FcRn Interaction Analyses By Surface Plasmon Resonance (SPR) And ELISA
The binding interaction of the BsAbs with recombinant cynomolgus monkey FcRn was monitored by SPR detection using a BIAcore 3000 instrument (Biacore Inc.) as described previously.24, 25 Briefly, cynomolgus monkey FcRn was immobilized directly to a CM5 chip using the standard amine-coupling kit methodology. BsAbs samples were prepared in running buffer (PBS, pH 6.0, 0.0005% Tween 20) and evaluated in duplicate. Samples were injected for 30 seconds at a flow rate of 100 µL/min and a dissociation time of 300 seconds at 25C. BsAbs were dissociated from FcRn using 1x PBS (pH 7.4) dissociation buffer. Kinetic binding constants were determined through global fits of the average of two data sets collected on separate days using Biacore T200 Evaluation, version 1.0. BsAb binding to FcRn was also evaluated at pH 7.4 (PBS, pH pH 7.4, 0.0005% Tween 20) at single concentration (5 µM diluted PBS, pH pH 7.4, 0.0005% Tween 20). Data collected at pH 7.4 was not fit since there was no observable signal.
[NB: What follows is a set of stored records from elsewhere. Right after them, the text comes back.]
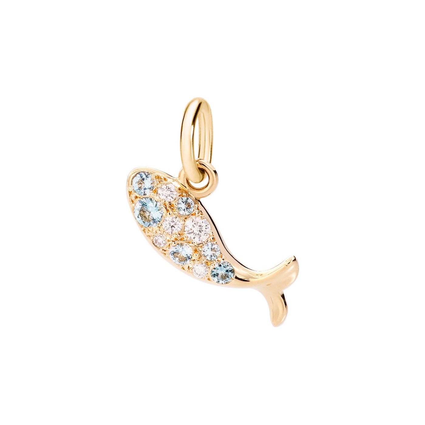 Ciondoo fish in 18K yellow gold, white diamonds and blue sapphires.
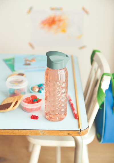 Praktická fľaša odolná voči nárazom a farbeniu. Veko odolné proti netesnosti. V súlade s predpismi o bezpečnosti potravín.
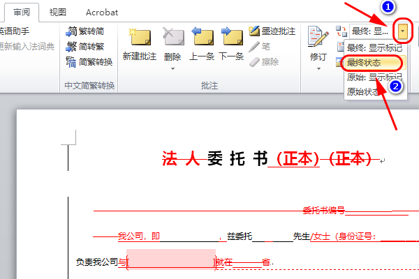 3、点击修订状态的三角下拉箭头,然后选择“最终状态”;
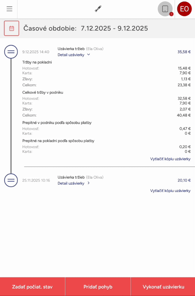 Kliknutím na Detail uzávierky sa vám zobrazia informácie o nej a Vytlačiť kópiu uzávierky vám vytlačí jej kópiu.
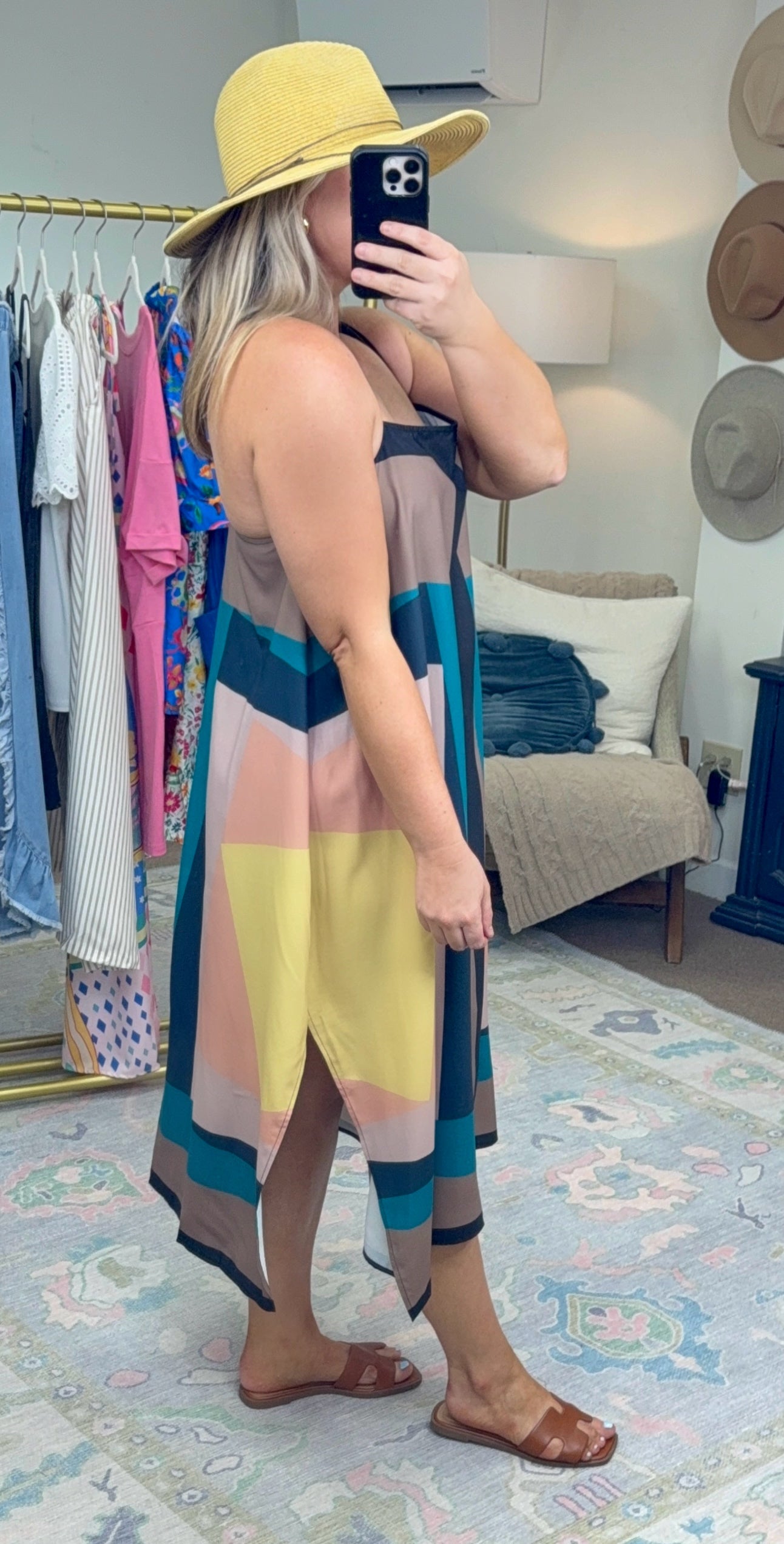 The ultimate warm weather throw-on-go dress! Flowy and carefree, this lightweight piece is fab with sandals to block heels.
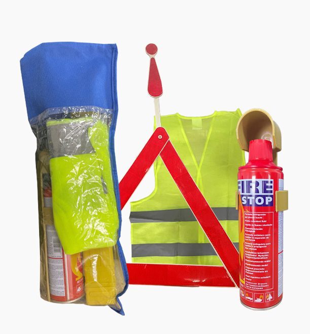 Pack de sécurité voiture, Triangle d’en panne, Gilet fluorescent, Extincteur poudre abc 1kg
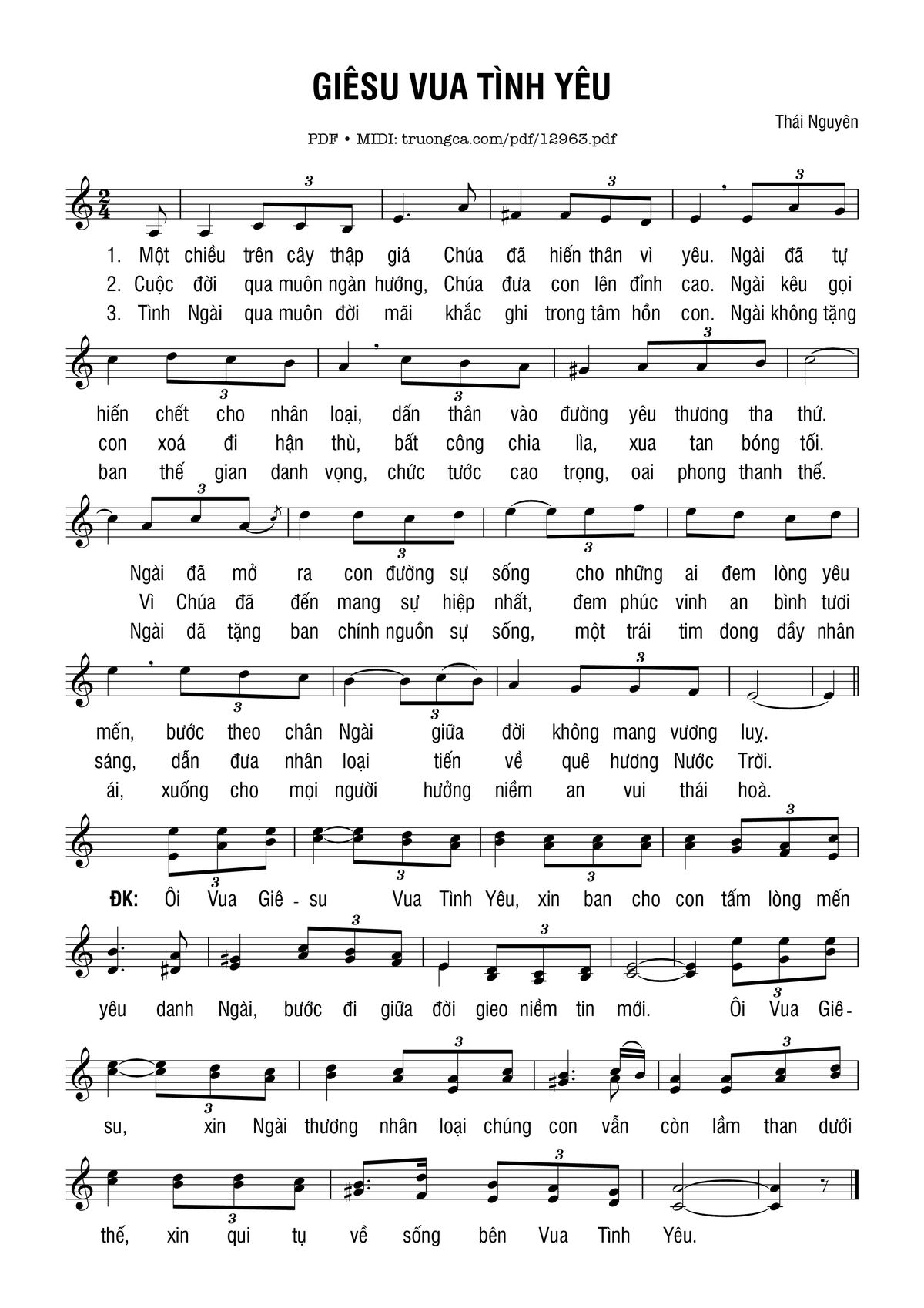 Điệp khúc. Ôi Vua Giê-su Vua Tình Yêu xin ban cho con tấm lòng mến yêu, danh Ngài bước đi giữa đời gieo niềm tin mới. Ôi Vua Giê-su xin Ngài thương nhân loại chúng con vẫn còn lầm than dưới thế, xin quy tụ về sống bên Vua Tình Yêu.

The evaluation of the pH-dependent dissociation of BsAbs from FcRn was conducted using an ELISA as previously reported.24, 25Briefly, biotinylated cynomolgus monkey FcRn was produced by reacting each purified soluble protein with EZ-Link® Sulfo-NHS-Biotin (Pierce) using the conditions supplied by the vendor, and the FcRn:biotin ratio was measured as 1.0 and 1.0, respectively, using the EZ™ biotin quantitation kit (Pierce). The pH-dependent ELISA for the BsAbs was performed as described in earlier studies at pH 6.0 and pH 7.4.24, 25 Optical density (OD) data at pH 6.0 and pH 7.4 were analyzed and expressed as the total BsAb that remained bound to FcRn at pH 7.4 [(ODpH7.4/ODpH6.0) x 100%)]. The mean and standard deviation of three independent experiments were determined.